▶ _What you should do_
Exactly as they appear below, repeat the lines from the one with "Pendientes de Plata" through the one with "บริษัท ฮุนได โมบิลิตี้". Drop every picture.

▶ _Dataset entries_
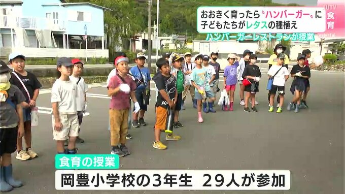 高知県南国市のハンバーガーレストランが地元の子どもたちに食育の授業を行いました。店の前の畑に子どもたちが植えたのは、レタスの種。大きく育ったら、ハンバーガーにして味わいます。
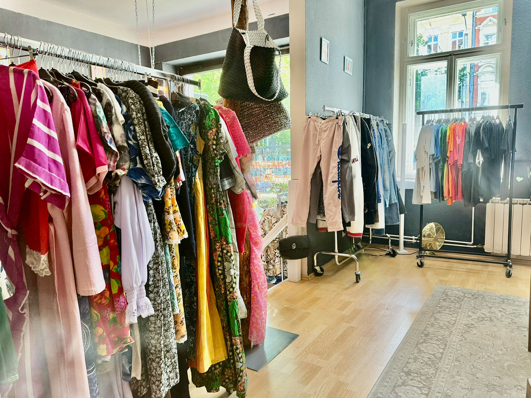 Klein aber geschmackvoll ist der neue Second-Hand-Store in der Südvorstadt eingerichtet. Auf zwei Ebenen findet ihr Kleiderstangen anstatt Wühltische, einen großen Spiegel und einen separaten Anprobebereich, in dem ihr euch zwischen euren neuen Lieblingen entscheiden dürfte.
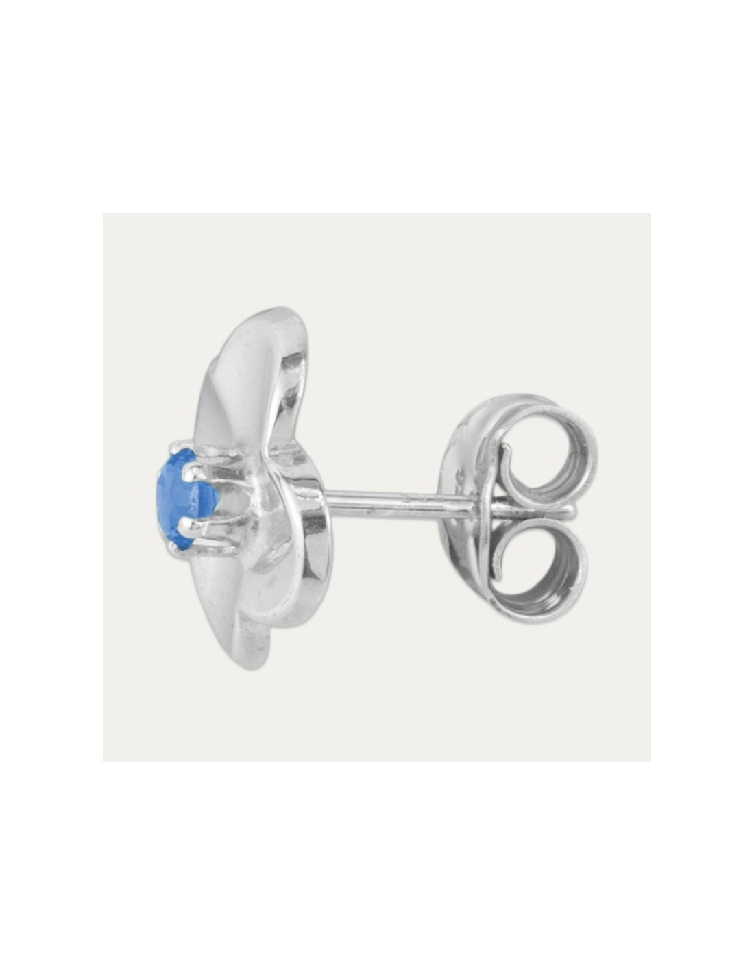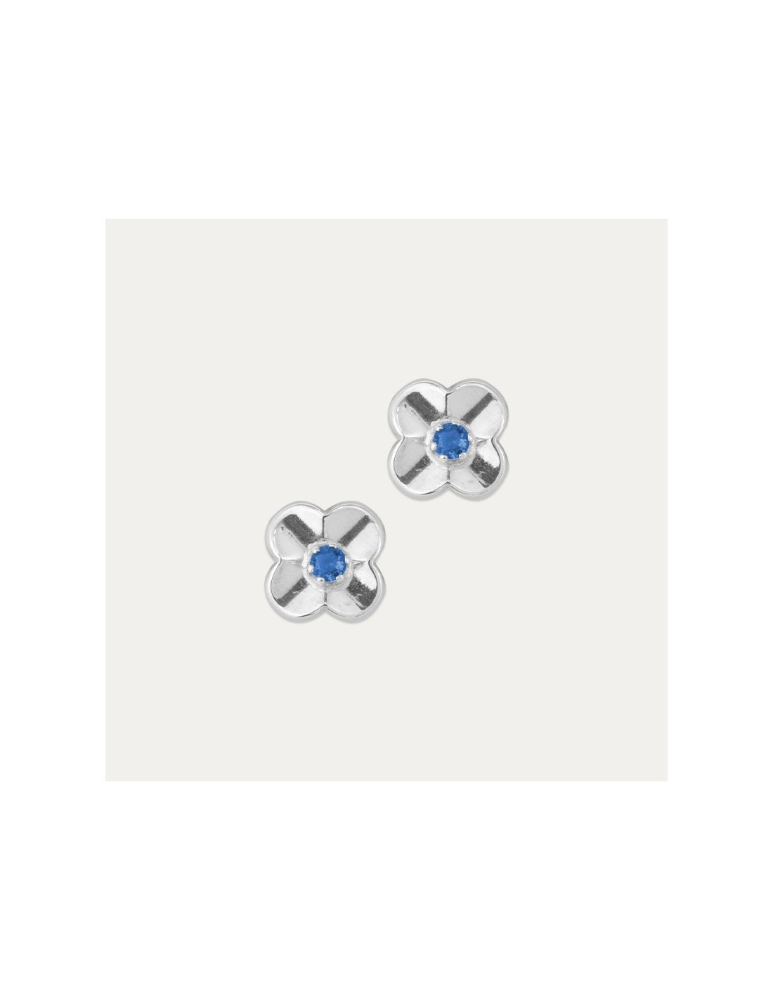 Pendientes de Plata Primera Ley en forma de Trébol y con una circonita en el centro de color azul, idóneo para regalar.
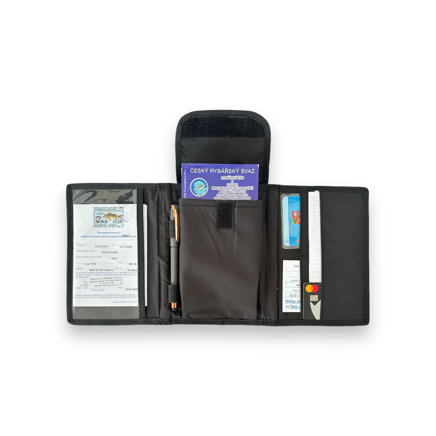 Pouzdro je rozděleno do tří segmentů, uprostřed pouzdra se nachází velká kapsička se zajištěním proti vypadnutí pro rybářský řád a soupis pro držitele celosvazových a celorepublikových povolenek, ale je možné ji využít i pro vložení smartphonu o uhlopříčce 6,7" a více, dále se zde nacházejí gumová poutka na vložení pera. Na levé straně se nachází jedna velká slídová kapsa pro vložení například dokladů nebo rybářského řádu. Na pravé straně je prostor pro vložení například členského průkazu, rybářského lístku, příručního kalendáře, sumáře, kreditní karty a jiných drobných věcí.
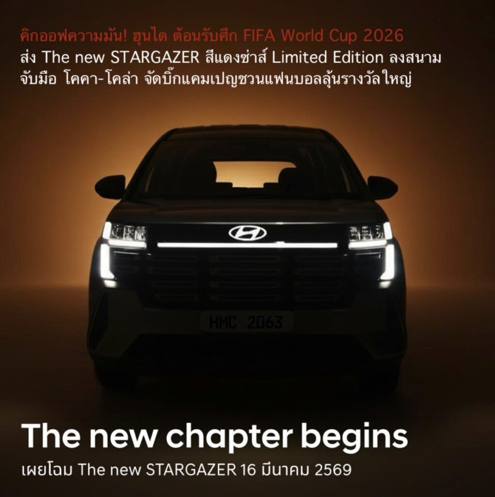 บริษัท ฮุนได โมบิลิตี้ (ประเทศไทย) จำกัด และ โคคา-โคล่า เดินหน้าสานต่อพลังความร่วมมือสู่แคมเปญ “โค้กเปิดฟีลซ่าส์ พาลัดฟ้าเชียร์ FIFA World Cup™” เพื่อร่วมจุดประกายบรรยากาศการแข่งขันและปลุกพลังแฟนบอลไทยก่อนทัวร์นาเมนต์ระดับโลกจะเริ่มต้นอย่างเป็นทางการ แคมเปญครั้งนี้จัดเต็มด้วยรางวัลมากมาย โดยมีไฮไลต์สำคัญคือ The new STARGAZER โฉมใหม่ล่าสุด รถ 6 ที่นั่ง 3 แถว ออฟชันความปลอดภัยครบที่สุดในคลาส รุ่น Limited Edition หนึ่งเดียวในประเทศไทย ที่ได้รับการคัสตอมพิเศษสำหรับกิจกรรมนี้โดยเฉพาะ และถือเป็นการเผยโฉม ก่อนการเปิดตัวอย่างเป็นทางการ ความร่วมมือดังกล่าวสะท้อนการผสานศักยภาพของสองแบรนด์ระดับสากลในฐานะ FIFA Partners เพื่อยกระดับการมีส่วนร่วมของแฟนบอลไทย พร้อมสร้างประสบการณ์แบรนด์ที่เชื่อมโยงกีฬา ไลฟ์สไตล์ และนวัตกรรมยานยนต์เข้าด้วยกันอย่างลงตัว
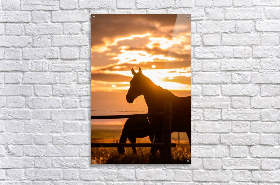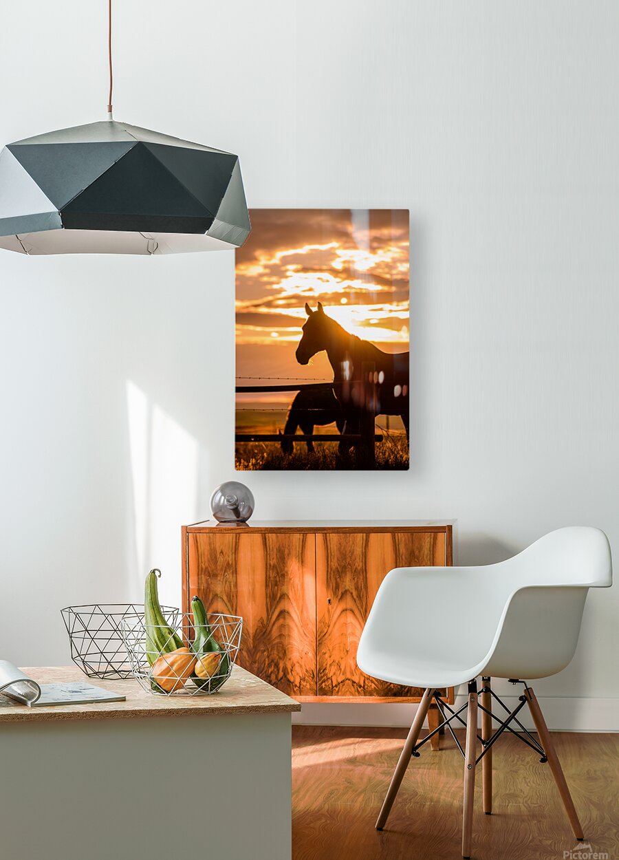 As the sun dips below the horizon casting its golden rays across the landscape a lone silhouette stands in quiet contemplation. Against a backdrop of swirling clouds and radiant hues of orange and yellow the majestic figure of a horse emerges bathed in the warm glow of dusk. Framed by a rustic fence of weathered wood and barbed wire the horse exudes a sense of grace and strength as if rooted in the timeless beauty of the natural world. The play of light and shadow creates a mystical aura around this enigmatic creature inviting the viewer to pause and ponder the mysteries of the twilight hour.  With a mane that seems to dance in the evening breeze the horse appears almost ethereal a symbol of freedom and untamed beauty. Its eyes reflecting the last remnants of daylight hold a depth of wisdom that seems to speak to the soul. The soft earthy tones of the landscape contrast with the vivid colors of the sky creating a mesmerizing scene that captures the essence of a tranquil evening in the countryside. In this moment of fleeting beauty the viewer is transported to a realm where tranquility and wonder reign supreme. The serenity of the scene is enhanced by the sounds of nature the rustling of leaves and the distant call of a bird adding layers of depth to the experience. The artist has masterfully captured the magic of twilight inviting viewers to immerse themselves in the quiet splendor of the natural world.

▶ _Answer to this problem_
 Pendientes de Plata Primera Ley en forma de Trébol y con una circonita en el centro de color azul, idóneo para regalar.
 Pouzdro je rozděleno do tří segmentů, uprostřed pouzdra se nachází velká kapsička se zajištěním proti vypadnutí pro rybářský řád a soupis pro držitele celosvazových a celorepublikových povolenek, ale je možné ji využít i pro vložení smartphonu o uhlopříčce 6,7" a více, dále se zde nacházejí gumová poutka na vložení pera. Na levé straně se nachází jedna velká slídová kapsa pro vložení například dokladů nebo rybářského řádu. Na pravé straně je prostor pro vložení například členského průkazu, rybářského lístku, příručního kalendáře, sumáře, kreditní karty a jiných drobných věcí.
 บริษัท ฮุนได โมบิลิตี้ (ประเทศไทย) จำกัด และ โคคา-โคล่า เดินหน้าสานต่อพลังความร่วมมือสู่แคมเปญ “โค้กเปิดฟีลซ่าส์ พาลัดฟ้าเชียร์ FIFA World Cup™” เพื่อร่วมจุดประกายบรรยากาศการแข่งขันและปลุกพลังแฟนบอลไทยก่อนทัวร์นาเมนต์ระดับโลกจะเริ่มต้นอย่างเป็นทางการ แคมเปญครั้งนี้จัดเต็มด้วยรางวัลมากมาย โดยมีไฮไลต์สำคัญคือ The new STARGAZER โฉมใหม่ล่าสุด รถ 6 ที่นั่ง 3 แถว ออฟชันความปลอดภัยครบที่สุดในคลาส รุ่น Limited Edition หนึ่งเดียวในประเทศไทย ที่ได้รับการคัสตอมพิเศษสำหรับกิจกรรมนี้โดยเฉพาะ และถือเป็นการเผยโฉม ก่อนการเปิดตัวอย่างเป็นทางการ ความร่วมมือดังกล่าวสะท้อนการผสานศักยภาพของสองแบรนด์ระดับสากลในฐานะ FIFA Partners เพื่อยกระดับการมีส่วนร่วมของแฟนบอลไทย พร้อมสร้างประสบการณ์แบรนด์ที่เชื่อมโยงกีฬา ไลฟ์สไตล์ และนวัตกรรมยานยนต์เข้าด้วยกันอย่างลงตัว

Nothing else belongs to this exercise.